La dama, aturdida por la frase, no supo qué contestar, pero al día siguiente le mandó el anillo con una nota cordial. No alcanzó para las ciento veinte casas, por supuesto, pero el padre las construyó de todos modos.

Paulina Garzón de Bermúdez era natural de Chipatá, Santander del Sur, y había llegado a Bogotá con su madre en 1961 a la edad de quince años, y con una recomendación de mecanógrafa experta. Lo era, en efecto, pero en cambio no sabía hablar por teléfono y sus listas del mercado eran indescifrables por sus horrores de ortografía, pero aprendió a hacer bien ambas cosas para que el padre la empleara. A los veinticinco años se casó y tuvo un hijo -Alfonso-, y una hija -María Constanza-, que hoy son ingenieros de sistema. Paulina se las arregló para seguir trabajando con el padre, quien le soltaba poco a poco derechos y deberes hasta que se le volvió tan indispensable que viajaban juntos dentro y fuera del país, pero siempre en compañía de otro sacerdote. «Para evitar rumores», explica Paulina. Terminó por acompañarlo a todas partes, aunque sólo fuera para ponerle y quitarle los lentes de contacto como nunca pudo hacerlo él mismo.

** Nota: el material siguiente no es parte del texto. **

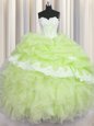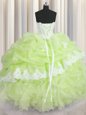 Home >  Quinceanera Dresses >  15 Quinceanera Dresses > Yellow Green Ball Gowns Organza Sweetheart Sleeveless Beading and Appliques and Ruffles and Pick Ups Floor Length Lace Up Quinceanera Gown
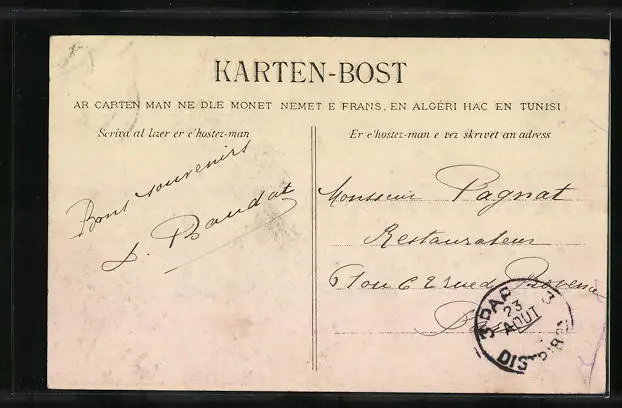 Personenbezogene Daten auf der Rückseite der Karte wurden durch blauen Textmarker unkenntlich gemacht. Die blauen Stellen sind auf die Vorderseite durchgeweicht und wirken sich negativ auf das Postkartenfoto aus
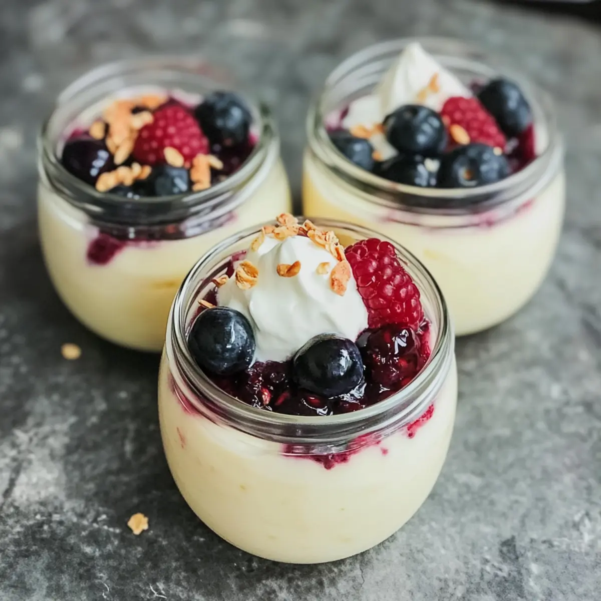 As I stood in my kitchen, the clock ticking away on a busy evening, I craved something sweet yet nourishing. That’s when the idea for my High Protein Vanilla Pudding sparked to life—a delightful treat that’s not just quick to whip up but also a protein powerhouse! In just 5 minutes, this creamy concoction becomes your go-to snack or dessert, bringing over 16 grams of protein to the table, ensuring you can indulge without the guilt. Plus, its customizable nature lets you switch up toppings or tweak ingredients to suit your taste, making it perfect for the whimsical home-chef in all of us. Ready to transform your sweet desires into something truly wholesome? Let’s dive into the delicious world of high protein vanilla pudding! Why is this pudding a must-try? Simplicity, a delightful dish ready in just 5 minutes, making it perfect for busy schedules. Customization is key—mix and match toppings to suit any craving, whether you prefer berries, nuts, or a drizzle of chocolate. Nutrition is paramount as it packs over 16 grams of protein per serving, bolstering your healthy snacking goals. Texture variety keeps things interesting, from creamy bases to crunchy toppings. Whether as a midday pick-me-up or a light dessert, this High Protein Vanilla Pudding is sure to please everyone—just like my Breakfast Protein Biscuits or Vanilla Bean Brown to complement your protein-packed meal plan! High Protein Vanilla Pudding Ingredients Transform your snacking with this High Protein Vanilla Pudding! For the Pudding Base Vanilla Greek Yogurt – The creamy base of your pudding; swap for high-protein plant-based yogurt if desired. Instant Vanilla Pudding Mix – Acts as a thickening agent while enhancing that delightful vanilla flavor. Vanilla Protein Powder – Boosts the protein content; feel free to choose a flavored or unflavored version based on your preference. Water or Milk – Adjust the pudding’s consistency; it’s optional for a lighter texture. Vanilla Extract – A simple yet powerful addition to enrich the overall flavor profile. For Toppings Frozen Mixed Berries – Adds freshness and a sweet-tart balance to your pudding; try warming them for enhanced flavor. Whipped Cream – For a delightful finishing touch; opt for light or dairy-free versions based on your diet preferences. Nuts – Provides a crunchy contrast—choose your favorite, such as almonds or walnuts, for added texture. Mini Chocolate Chips – A sweet treat that adds a lovely hint of chocolate to every spoonful! Elevate your dessert game with these simple yet effective ingredients, all coming together to create a deliciously indulgent yet healthy treat! Step‑by‑Step Instructions for High Protein Vanilla Pudding Step 1: Mix the Base Ingredients In a mixing bowl, combine 1 cup of vanilla Greek yogurt, 1 scoop of vanilla protein powder, and 1 packet of instant vanilla pudding mix. If you’d like a richer flavor, add a splash of vanilla extract. Optionally, pour in ¼ cup of water or milk to adjust the consistency. Use a whisk to blend everything together until the mixture is smooth, creamy, and free of lumps, which should take about 1-2 minutes. Step 2: Distribute into Servings Once your pudding base is thoroughly mixed, take out 4 mini cups or 2 larger serving bowls. Carefully spoon the creamy high protein vanilla pudding into each cup, ensuring an even distribution. As you fill them, let the delightful mixture flow gently, creating a beautiful layered effect if desired. This process should take another 2-3 minutes, depending on how quickly you work. Step 3: Add Your Favorite Toppings After distributing the pudding, it’s time to add your favorite toppings to create a personalized treat! Consider using thawed frozen mixed berries for a pop of color and flavor, a dollop of whipped cream for added indulgence, or a sprinkle of nuts for crunch. Take about 1-2 minutes to choose and arrange your toppings for aesthetic appeal, enhancing the overall experience of your High Protein Vanilla Pudding. Step 4: Chill Before Serving To ensure your pudding is nice and refreshing, cover the cups with plastic wrap or lids and place them in the refrigerator. Let them chill for about 30 minutes, allowing the flavors to meld together and achieving the perfect cool temperature. This step is essential for enhancing the taste and enjoying your luscious high protein vanilla pudding at its best! Step 5: Enjoy and Store Once chilled, your High Protein Vanilla Pudding is ready to serve! Enjoy it cold as a satisfying snack or light dessert. If you have leftovers, store the pudding in an airtight container in the refrigerator for up to 5 days. This way, you can indulge in this creamy, protein-packed treat whenever the sweet cravings strike! Expert Tips for High Protein Vanilla Pudding Perfect Consistency: Start with chilled ingredients to achieve a smoother mix; warm dairy can create a lumpy texture. Balance Sweetness: Use instant vanilla pudding mix as a base, but taste before adding more sweeteners; too much can overwhelm the flavors. Blend Well: Whisk thoroughly until no lumps remain; a smooth texture is crucial for the creaminess of your high protein vanilla pudding. Timing Matters: For the best taste, let the pudding chill before serving; this allows the flavors to meld beautifully. Storage Secrets: Keep in an airtight container for up to 5 days to maintain freshness and prevent the pudding from becoming watery. How to Store and Freeze High Protein Vanilla Pudding Fridge: Store your pudding in an airtight container in the refrigerator for up to 5 days to keep it fresh and creamy. Freezer: It’s best not to freeze this high protein vanilla pudding, as freezing can alter the texture and lead to a grainy consistency upon thawing. Reheating: If you’ve added frozen toppings, lightly warm them in the microwave for a few seconds to enhance their flavor and texture before serving. Make Ahead: Feel free to prepare the pudding in advance for mea
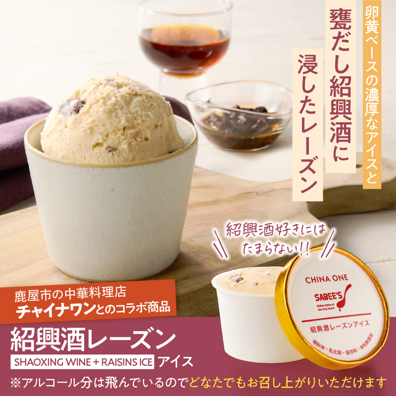 甕だし紹興酒にレーズンを浸して紹興酒の香りを移し、卵黄ベースの濃厚なアイスと混ぜ合わせています。

En sus últimos años el padre perdía audición por el oído derecho, se volvió irritable, y se exasperaba con los huecos de su memoria. Poco a poco había ido descartando las oraciones clásicas, e improvisaba las suyas en voz alta con una inspiración de iluminado. Su fama de lunático crecía al mismo tiempo que la creencia popular de que tenía el poder sobrenatural de hablar con las aguas y de gobernar su curso y su conducta. Su actitud comprensiva en el caso de Pablo Escobar hizo recordar una frase suya sobre el regreso del general Gustavo Rojas Pinilla, en agosto de 1957, para ser juzgado por el Congreso: «Cuando un hombre se entrega a la ley, aunque fuera culpable, merece un profundo respeto». Casi al final de su vida, en un Banquete del Millón cuya organización había sido muy problemática, un amigo le preguntó qué iba a hacer después, y él le dio una respuesta de diecinueve años: «Quiero tenderme en un potrero a mirar las estrellas».

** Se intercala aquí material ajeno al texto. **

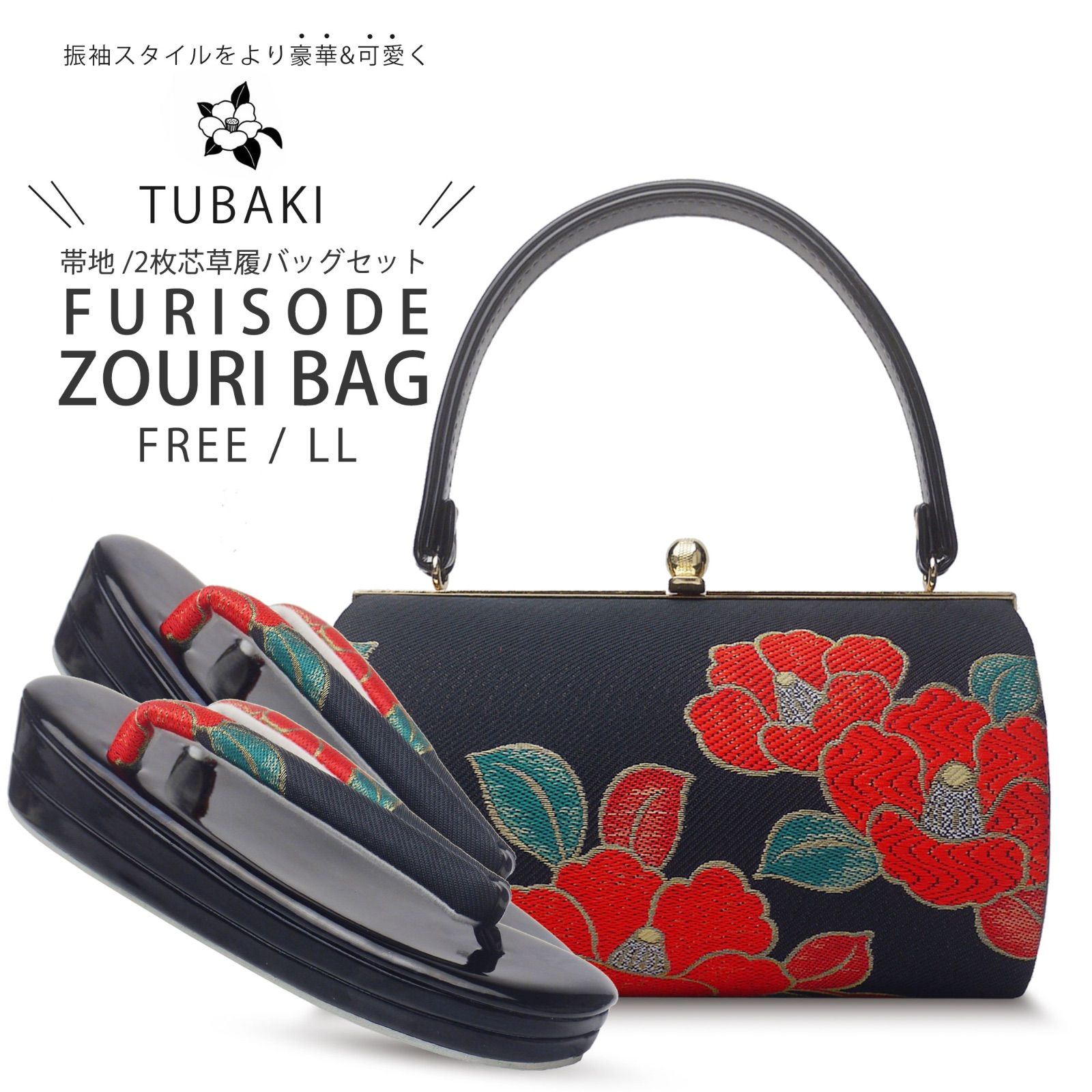 椿 黒 草履バッグ セット 赤×黒 帯地 二枚芯の草履 選べる 振袖 訪問着 留袖 色無地 銀 シルバー 金 ゴールド 赤 フリーサイズ LLサイズ
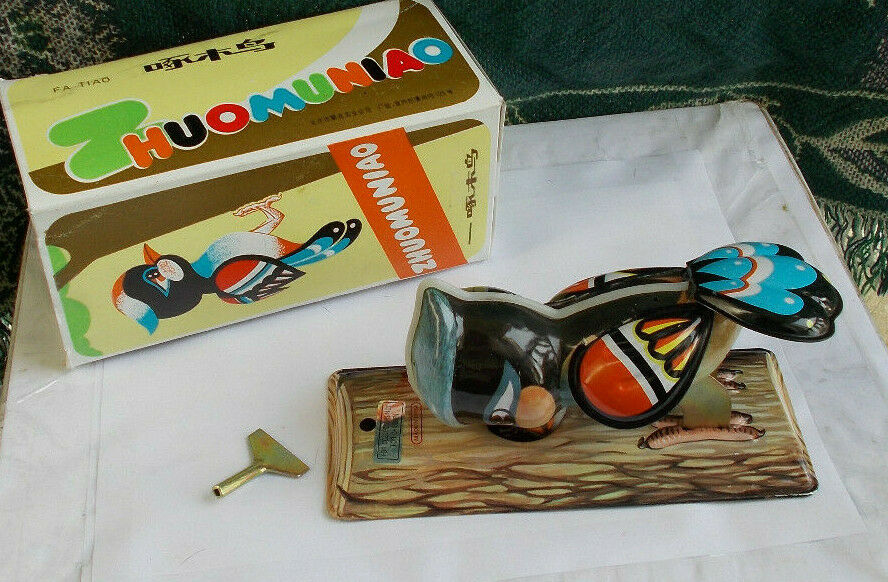 Title (ebay affiliate link): Vintage 7" Tin Wind Up Toy Bird Woodpecker & Box Zhuomuniao Wall Hanger Litho NR
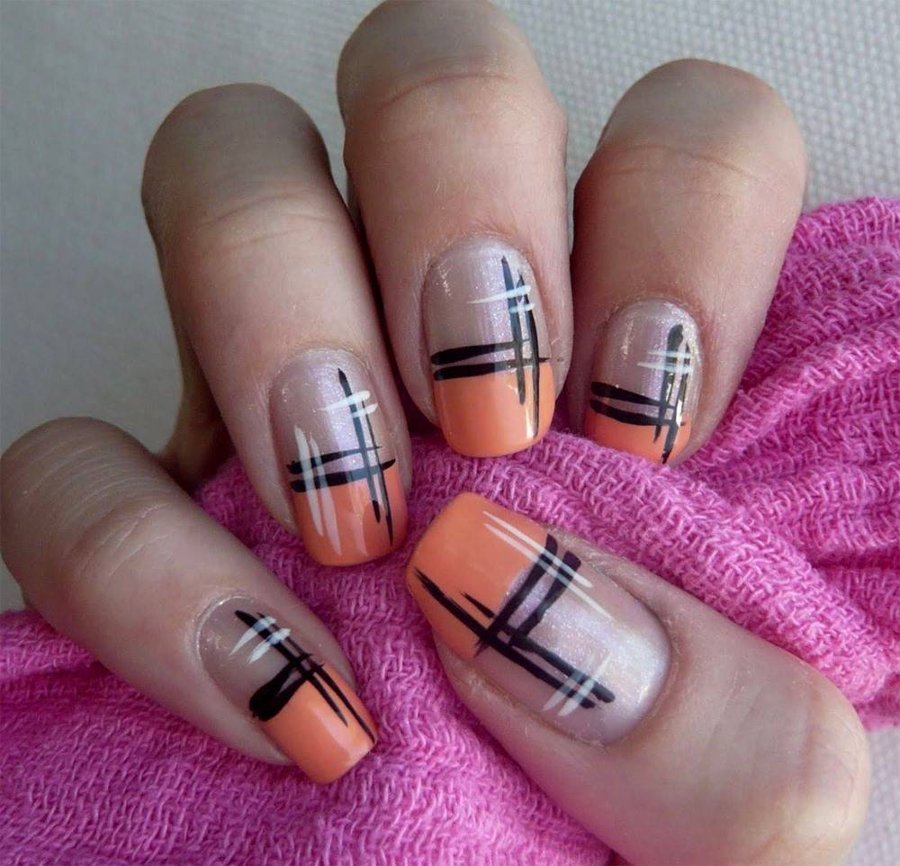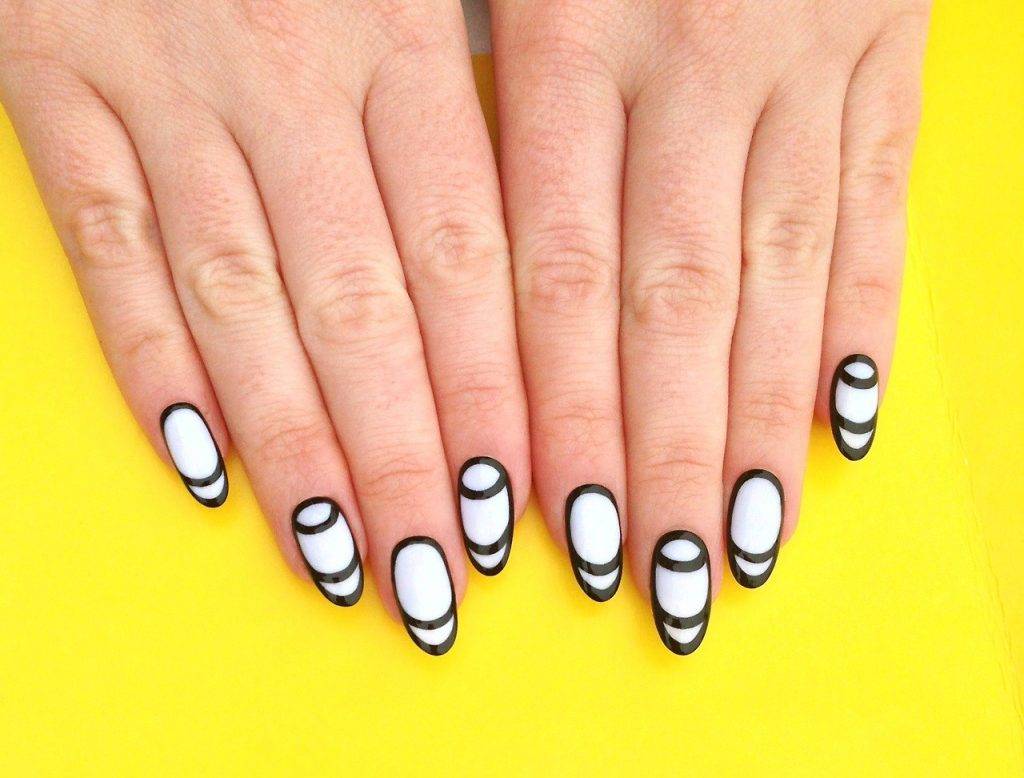 На высохшую подложку белого цвета наносят черные линии тонкой кисточкой. Есть лаки для дизайна, у них как раз такие кисточки.

Al día siguiente del mensaje radial -sin anuncio ni trámites previos-, el padre García Herreros se presentó en la cárcel de Itagüí, para preguntarles a los hermanos Ochoa cómo podía ser útil en la entrega de Escobar. A los Ochoa les dejó la impresión de que era un santo, con un solo inconveniente para tomar en cuenta: por más de cuarenta años había estado en comunicación con la audiencia a través de su prédica diaria, y no concebía una gestión que no empezara por contárselo a la opinión pública.